(Collection entries)

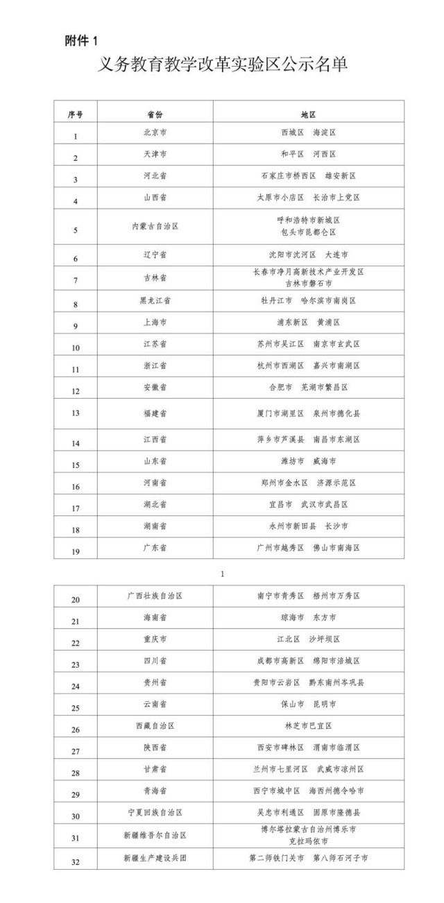 教育部公示義務(wù)教育教學(xué)改革63個實驗區(qū)和189個實驗校
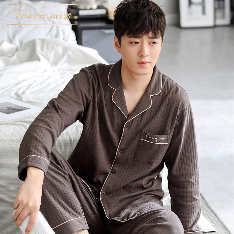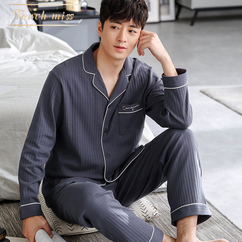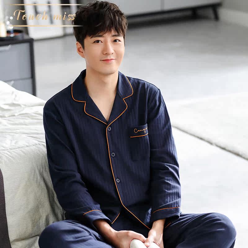 TOUCH MISS2022 new pajamas men's spring and autumn cotton long-sleeved home clothes thin section plus size suit
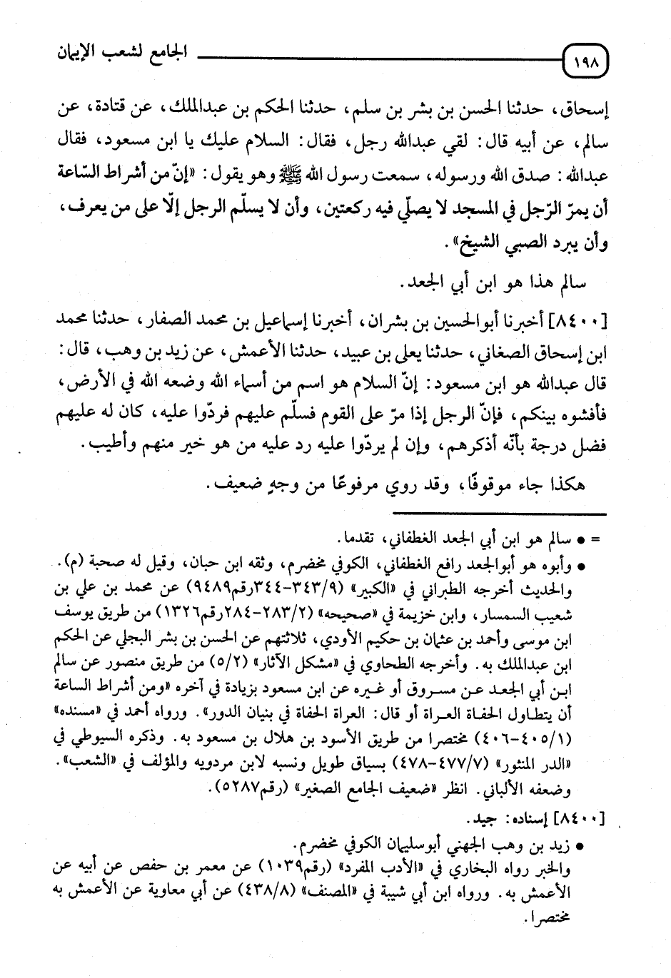 8400 - أَخْبَرَنَا أَبُو الْحُسَيْنِ بْنُ بِشْرَانَ، قَالَ: أنا إِسْمَاعِيلُ بْنُ مُحَمَّدٍ الصَّفَّارُ، قَالَ: نا مُحَمَّدُ بْنُ إِسْحَاقَ الصَّغَانِيُّ، قَالَ: نا يَعْلَى بْنُ عُبَيْدٍ، قَالَ: نا الْأَعْمَشُ، عَنْ زَيْدِ بْنِ وَهْبٍ، قَالَ: قَالَ عَبْدُ اللهِ هُوَ ابْنُ مَسْعُودٍ: " إِنَّ §السَّلَامَ هُوَ اسْمٌ مِنْ أَسْمَاءِ اللهِ تَعَالَى وَضَعَهُ اللهُ فِي الْأَرْضِ، فَأَفْشُوهُ بَيْنَكُمْ، فَإِنَّ الرَّجُلَ إِذَا مَرَّ عَلَى الْقَوْمِ فَسَلَّمَ عَلَيْهِمْ فَرَدُّوا عَلَيْهِ كَانَ لَهُ عَلَيْهِمْ فَضْلُ دَرَجَةٍ بِأَنَّهُ أَذْكَرَهُمْ، وَإِنْ لَمْ يَرُدُّوا عَلَيْهِ رَدَّ عَلَيْهِ مَنْ هُوَ خَيْرٌ مِنْهُمْ وَأَطْيَبُ " هَكَذَا جَاءَ مَوْقُوفًا، وَقَدْ رُوِيَ مَرْفُوعًا مِنْ وَجْهٍ ضَعِيفٍ -[199]-
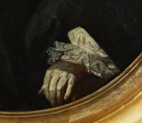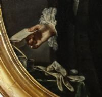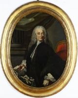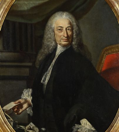 Une loggia enrichie d'un drapé vert sert de toile de fond au cabinet de travail du personnage représenté. L'obscurité de la scène est ponctuée par le rouge du fauteuil et le blanc de la perruque et de la chemise brodée portés par l'homme. La figure en buste, représentée aux trois quarts, tient un billet dans sa main droite ; sur la petite table placée devant lui, sont posés le gant et l'encrier avec sa plume. L'autre main, appuyée sur l'accoudoir du fauteuil, porte un gant de satin blanc changeant. La toge noire qu'il porte suggère que ce personnage fortuné pourrait avoir été un sénateur de la République de Gênes, mais en l'absence d'informations sur son identité exacte, on ne peut affirmer avec certitude sa véritable profession. La qualité picturale est, elle, indéniable !
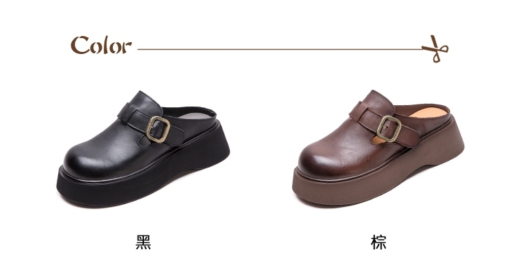 【VECCHIO】真皮皮帶釦厚底包頭拖鞋/真皮頭層牛皮復古皮帶釦飾厚底包頭拖鞋 女鞋 黑
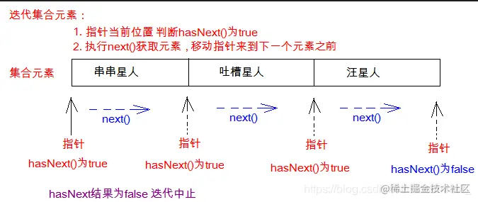 在调用Iterator的next方法之前,迭代器的索引位于第一个元素之前,不指向任何元素,当第一次调用迭代器的next方法后,迭代器的索引会向后移动一位,指向第一个元素并将该元素返回,当再次调用next方法时,迭代器的索引会指向第二个元素并将该元素返回,依此类推,直到hasNext方法返回false,表示到达了集合的末尾,终止对元素的遍历。
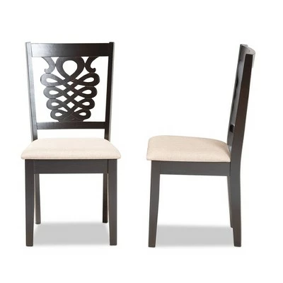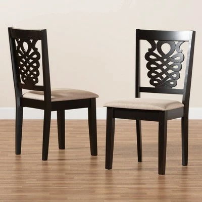 Imbue your dining space with the elegance of the finely crafted Gervais dining chair. Made in Malaysia, the Gervais is comprised of a sturdy wood frame showcasing a rich dark brown finish. The backrest features a unique, intricate cut-out design for enhanced visual appeal. Requiring assembly, the Gervais is fitted with a foam padded seat upholstered in smooth fabric for superb comfort. Straight legs add a touch of sleek, contemporary style, making the Gervais dining chair an excellent addition to the modern home.
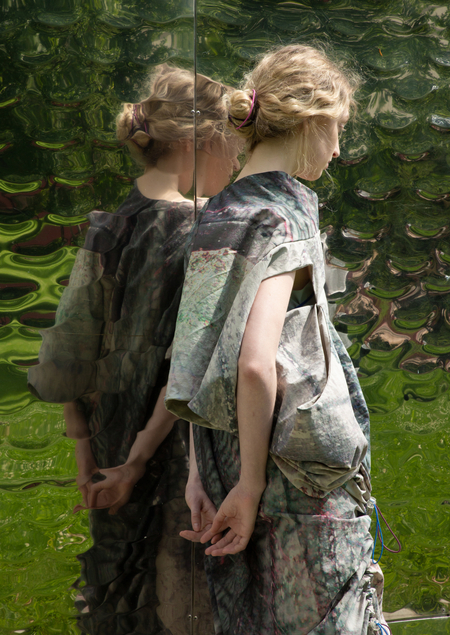 в проекте данный приём переносится на язык костюма. ключевая идея коллекции — отход от конвенциональных способов создания одежды с привычными лекальными элементами и деталями кроя, подстраивающимися под физиологию тела. избавление от привычного восприятия одежды и поиск нестандартных решений.
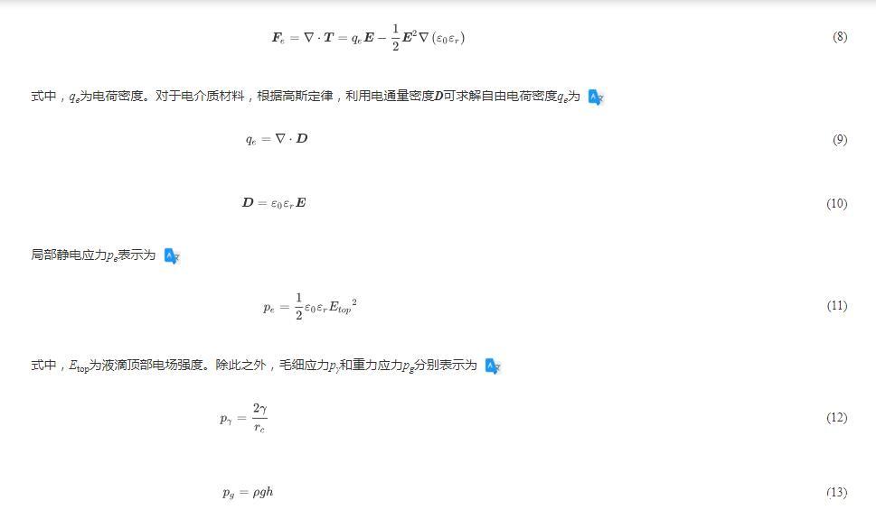 除此之外,液滴底部在不同模式下的動力學行為相同,如圖4(b)所示。液滴底部會被誘導負電荷,此時其受到垂直向下的靜電力Fel,靜電力和粘附力Fa同時作用于液滴的底部,因此它們既不促進也不阻礙液滴的拉伸,其作用本質(zhì)是使液滴附著在下極板上,防止其反彈。
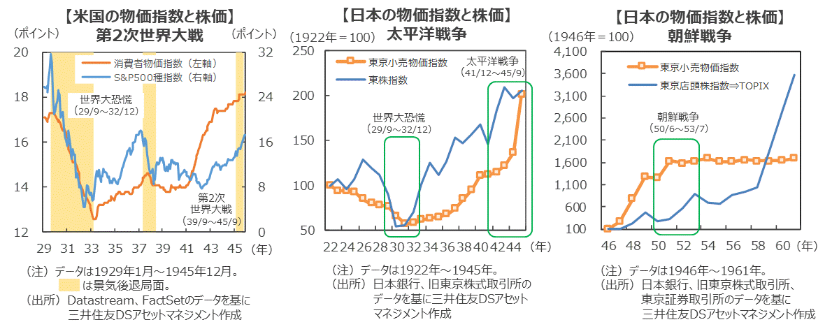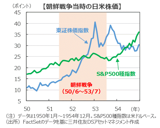 ■とは言え、「戦争」によって強烈な超過需要が発生するので、戦場とならない限り、供給基地となり得る近隣の国への株式投資はメリットがありそうです。例えば、1950年6月に勃発した朝鮮戦争で、東証株価指数は1950年6月から1953年7月までで3.5倍となり、米国S&P500種指数(同1.4倍)を大きくアウトパフォームしました。近くの「戦争」でも戦場にならない限りは「慌てない」、といったスタンスでしょうか。
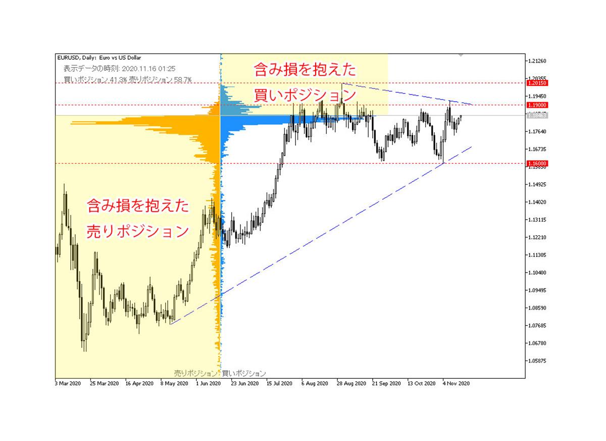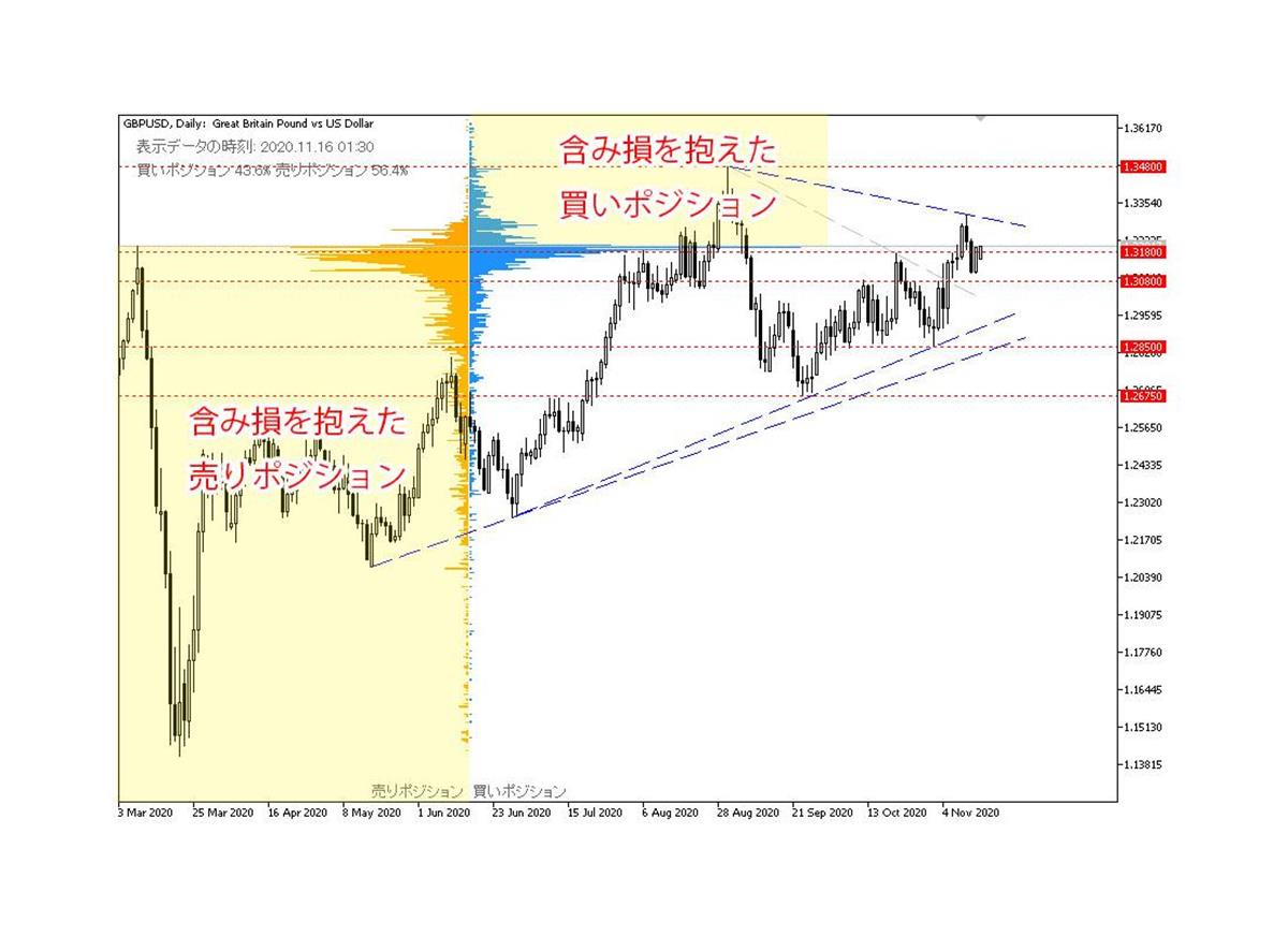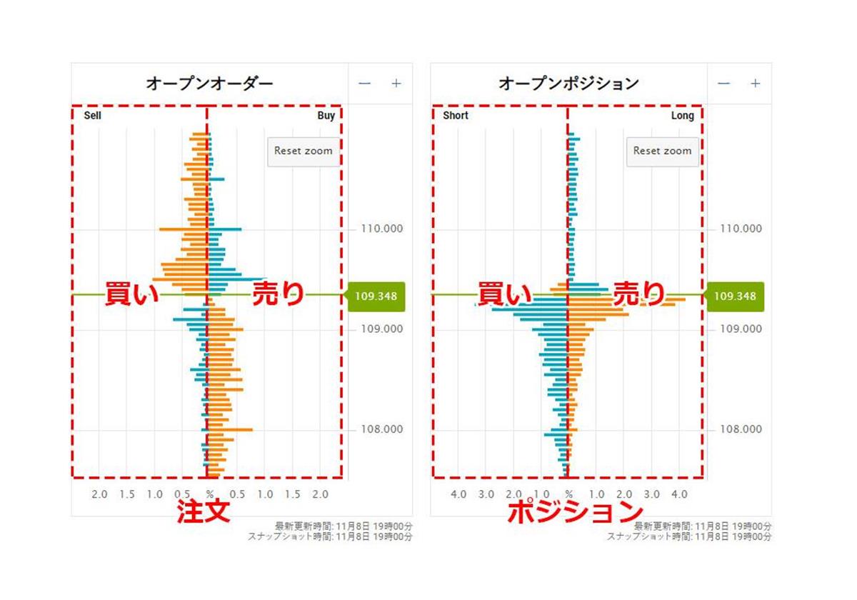 オープンポジションを見ると、どの水準に含み損を抱えたポジションが多いかを視覚的にチェックすることができ、次にどちらに動いた方が、価格の動きが大きくなりそうか(損切り注文が多く出そうか)を予想することができます。

PROBLEM DETAILS » The lines to restate word for word run from the line that contains "в проекте данный" through the end of the entries above, both ends included. Leave out all pictures and write nothing else.

RESPONSE TO THE EXERCISE »
 в проекте данный приём переносится на язык костюма. ключевая идея коллекции — отход от конвенциональных способов создания одежды с привычными лекальными элементами и деталями кроя, подстраивающимися под физиологию тела. избавление от привычного восприятия одежды и поиск нестандартных решений.
 除此之外,液滴底部在不同模式下的動力學行為相同,如圖4(b)所示。液滴底部會被誘導負電荷,此時其受到垂直向下的靜電力Fel,靜電力和粘附力Fa同時作用于液滴的底部,因此它們既不促進也不阻礙液滴的拉伸,其作用本質(zhì)是使液滴附著在下極板上,防止其反彈。
 ■とは言え、「戦争」によって強烈な超過需要が発生するので、戦場とならない限り、供給基地となり得る近隣の国への株式投資はメリットがありそうです。例えば、1950年6月に勃発した朝鮮戦争で、東証株価指数は1950年6月から1953年7月までで3.5倍となり、米国S&P500種指数(同1.4倍)を大きくアウトパフォームしました。近くの「戦争」でも戦場にならない限りは「慌てない」、といったスタンスでしょうか。
 オープンポジションを見ると、どの水準に含み損を抱えたポジションが多いかを視覚的にチェックすることができ、次にどちらに動いた方が、価格の動きが大きくなりそうか(損切り注文が多く出そうか)を予想することができます。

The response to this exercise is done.